An informal wildlife hedge can also double as a barrier to deter intruders because many wildlife-friendly plants are covered in vicious spikes and thorns. Deer will avoid barriers that look tricky or painful to negotiate, and are more likely to go elsewhere for easier pickings. Alongside the classic native plants, there are also many roses that make beautiful but fearsome hedges.

Site and soil

Ideally most hedging plants, including roses and the other plants used here, prefer a sunny site, with well-drained and fertile soil. If your soil is not perfect, spend some time preparing the ground by digging in plenty of organic matter down to a spade’s depth.

Plant species roses

Follow the advice for planting roses. However, species roses, which are ideal for hedges, do not have a graft union, and are planted at the same depth they were growing at in their pots, or in the field.


Once plants have started growing in spring, cut them back by about a third to encourage bushy growth from the base. Keep them watered throughout their first year and regularly remove any weeds around their base. This will prevent your roses from having to compete for nutrients and water while they are in the process of becoming established.

Small hedge in a garden.

How to Make a Formal Hedge

Yew, hornbeam, and beech make excellent closely clipped hedges, and you can reduce the cost by buying young bare-rooted plants from late winter to early spring from specialist nurseries and growing them on yourself. Prepare your soil in advance and plant immediately, unless the soil is frozen or waterlogged.

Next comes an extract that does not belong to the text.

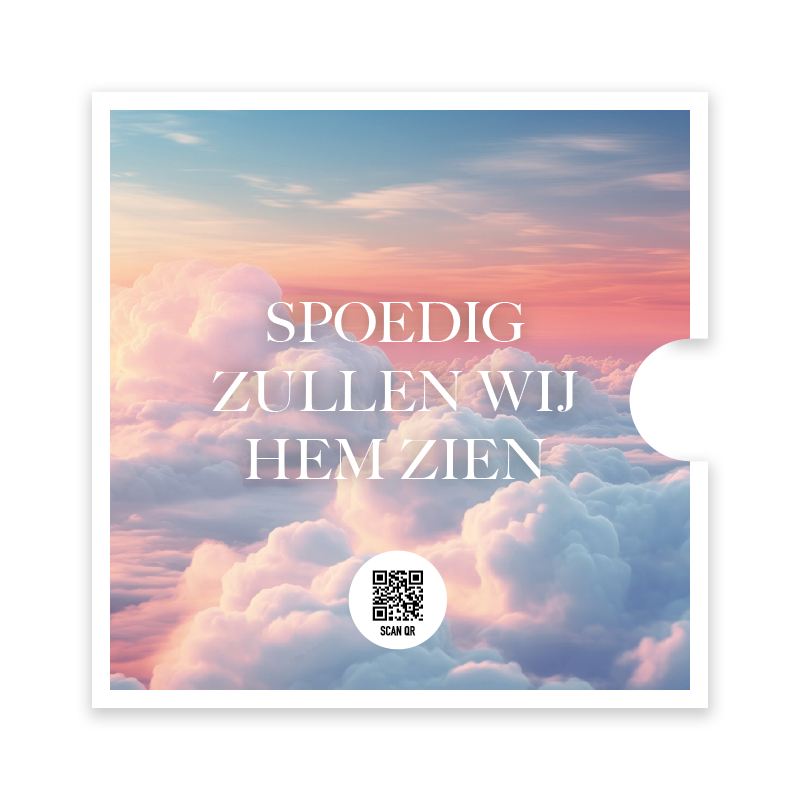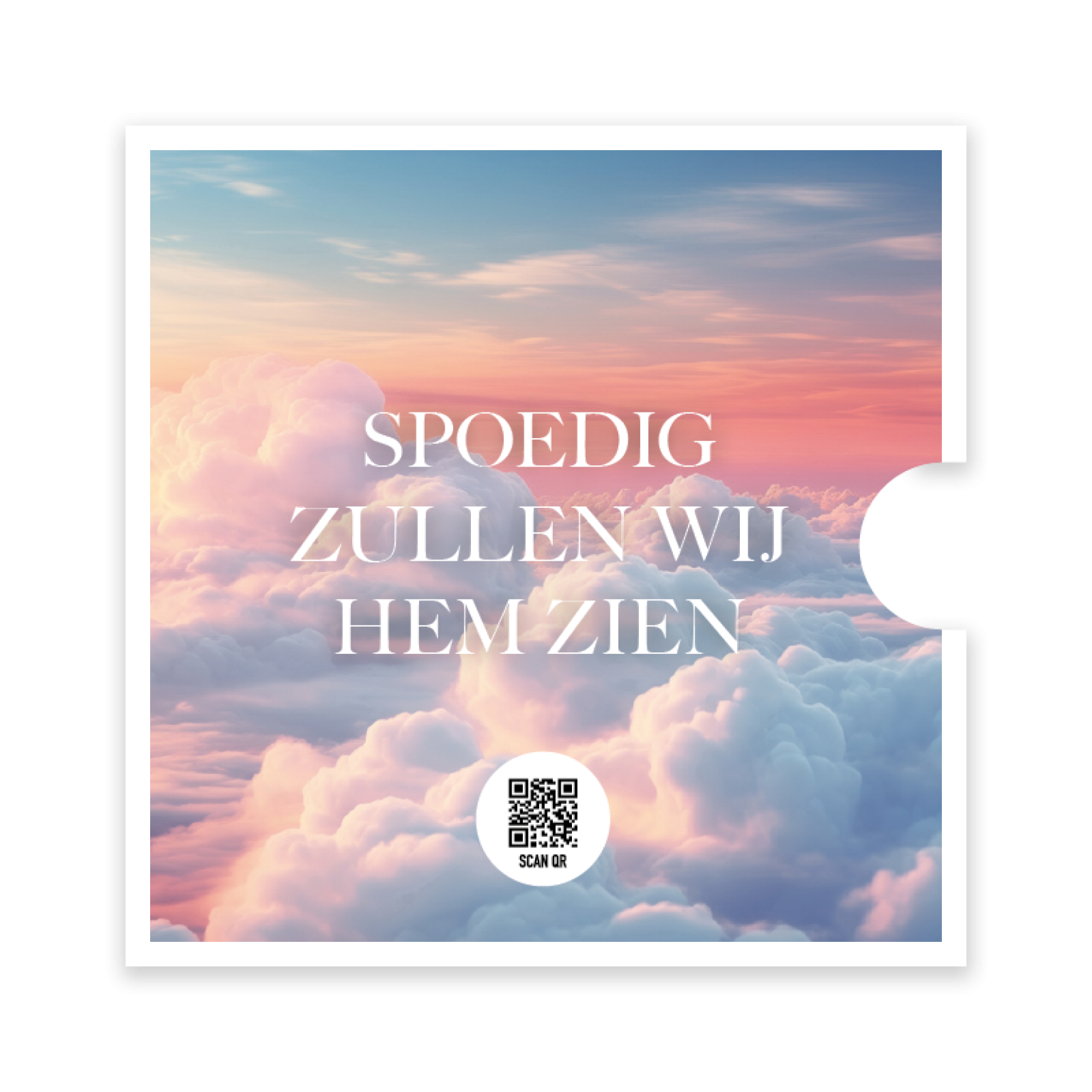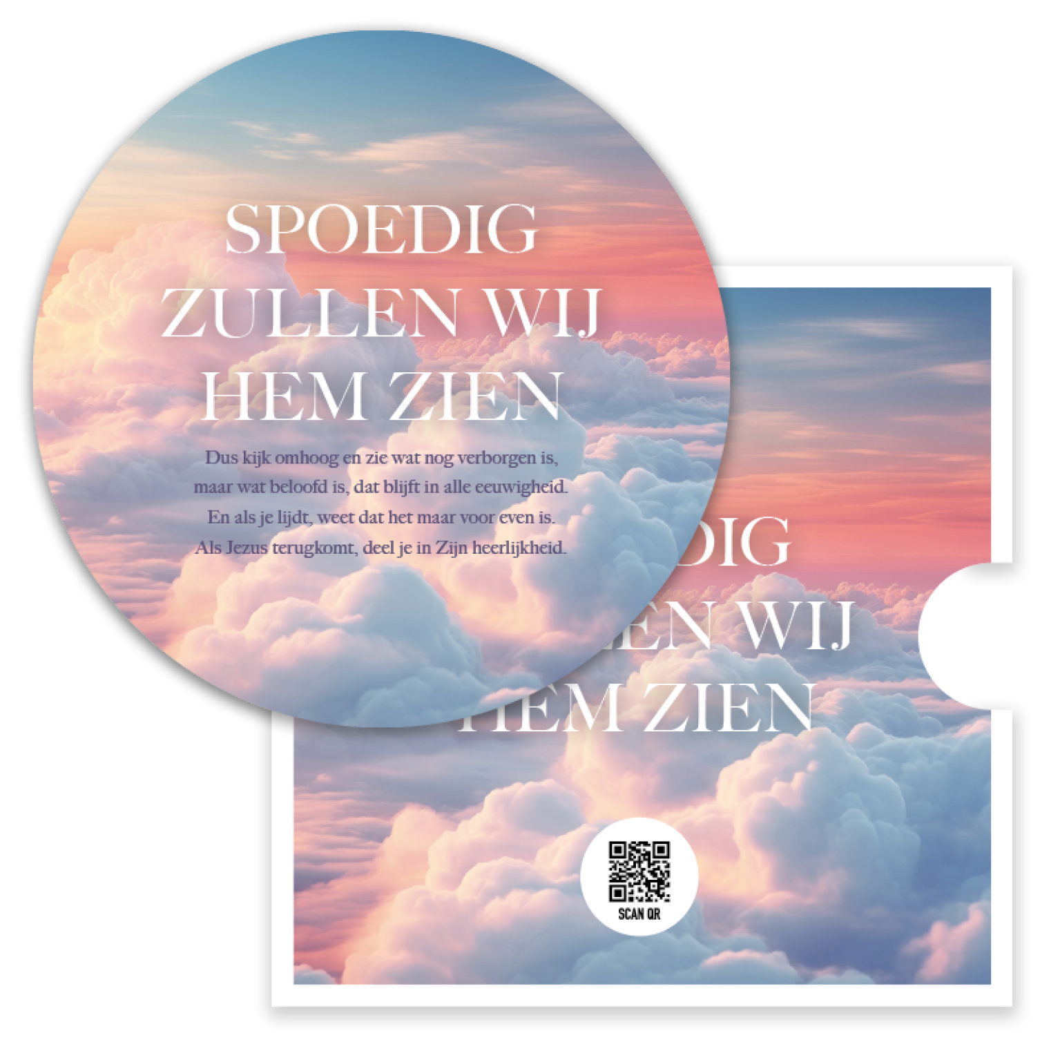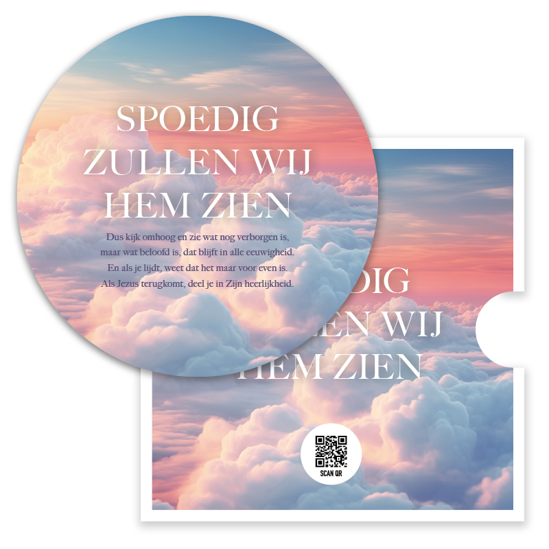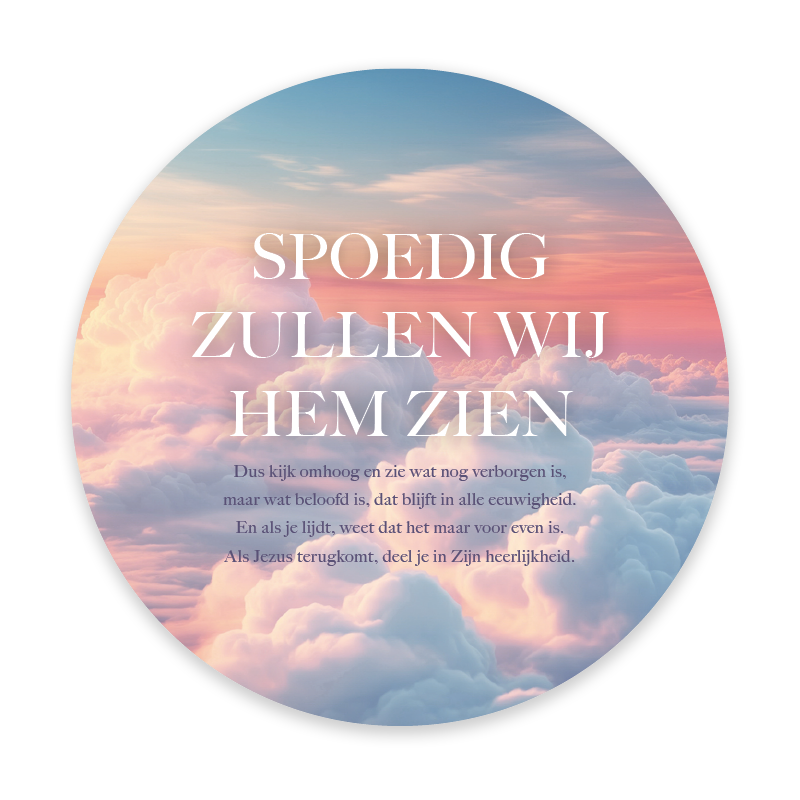 Prachtige ronde fotokaart met de tekst ‘Spoedig zullen wij Hem zien’ en een achtergrond van indrukwekkende wolken. Deze kaart verwijst naar het hoopvolle lied over Jezus’ terugkomst en is bedoeld als bemoediging en getuigenis van geloof.
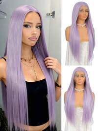 13x4 Kanekalon Futura Synthetic Lace Front Wig, Honey Golden Brown, 18 Inch Medium Length Wavy Bangs, No Glue Needed, Kanekalon Material, Durable Synthetic Wig, Middle Part, 150% Density, Ready To Wear, Suitable For Daily, Party, Holiday, Beginner Friendly, Transparent Lace Wig

When to plant: Late autumn to early spring.

At their best: All year round.

Time to complete: 4 hours or more depending on hedge size.

You will need: Young bare-rooted hedging plants (like yew, Taxus baccata, for example), well-rotted organic matter – such as manure, spade, fork, stakes, garden string, watering can or hose, all-purpose granular fertilizer.

Prepare the site

Six weeks before planting, remove all weeds from the site and dig a trench the length of the hedge and 3 ft (1 m) wide. Fork in organic matter, and refill the trench. Set out a line to mark the edge of the hedge.

Mark planting intervals

Dig a trench twice as wide and as deep as the plants’ root balls. Using a ruler or guide, lay stakes at 18–24 in (45–60 cm) intervals along the string line to mark the planting distances.

Check planting depths

Check that the plants will be at the same depth as they were in the field when planted—you will see the soil line just above the roots. Place one plant by each stake, and backfill around the roots with soil, removing any air gaps with your fingers.

Firm in well

When in place, check that the plants are upright and then firm in around them with your foot. Create a slight dip around each plant to act as a reservoir, and water well. Add a thick mulch of compost or manure, keeping it clear of the plant stems. Water for the first year and feed plants annually in spring.